## EXERCISE AIM
Copy word for word the lines of the records below, beginning at the one with "8月29日(木)、今日の科学" and finishing at the one with "1. Long press", ends included, but none of the pictures.

## DATA EXTRACTS
■ ■ ■ ■
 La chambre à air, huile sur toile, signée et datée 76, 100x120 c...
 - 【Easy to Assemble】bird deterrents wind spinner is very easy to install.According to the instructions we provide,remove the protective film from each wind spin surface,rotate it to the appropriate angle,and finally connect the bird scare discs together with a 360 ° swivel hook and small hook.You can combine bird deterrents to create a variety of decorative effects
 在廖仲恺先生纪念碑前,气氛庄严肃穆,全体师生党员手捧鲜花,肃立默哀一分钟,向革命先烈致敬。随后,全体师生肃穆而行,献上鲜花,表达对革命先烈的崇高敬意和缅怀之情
■ ■ ■ ■
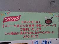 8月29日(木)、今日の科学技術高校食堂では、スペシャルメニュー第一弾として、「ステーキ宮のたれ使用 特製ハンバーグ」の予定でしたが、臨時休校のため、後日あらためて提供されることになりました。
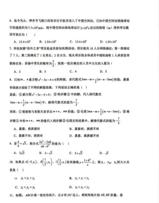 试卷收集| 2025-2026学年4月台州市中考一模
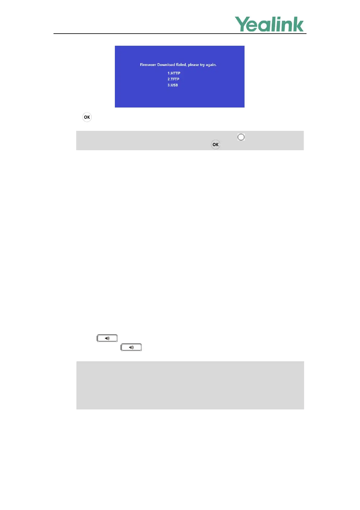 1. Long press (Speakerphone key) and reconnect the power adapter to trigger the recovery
■ ■ ■ ■
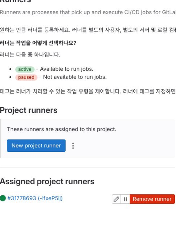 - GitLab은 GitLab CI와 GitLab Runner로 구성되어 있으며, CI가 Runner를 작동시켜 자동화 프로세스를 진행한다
■ ■ ■ ■
## FINAL ANSWER
 8月29日(木)、今日の科学技術高校食堂では、スペシャルメニュー第一弾として、「ステーキ宮のたれ使用 特製ハンバーグ」の予定でしたが、臨時休校のため、後日あらためて提供されることになりました。
 试卷收集| 2025-2026学年4月台州市中考一模
 1. Long press (Speakerphone key) and reconnect the power adapter to trigger the recovery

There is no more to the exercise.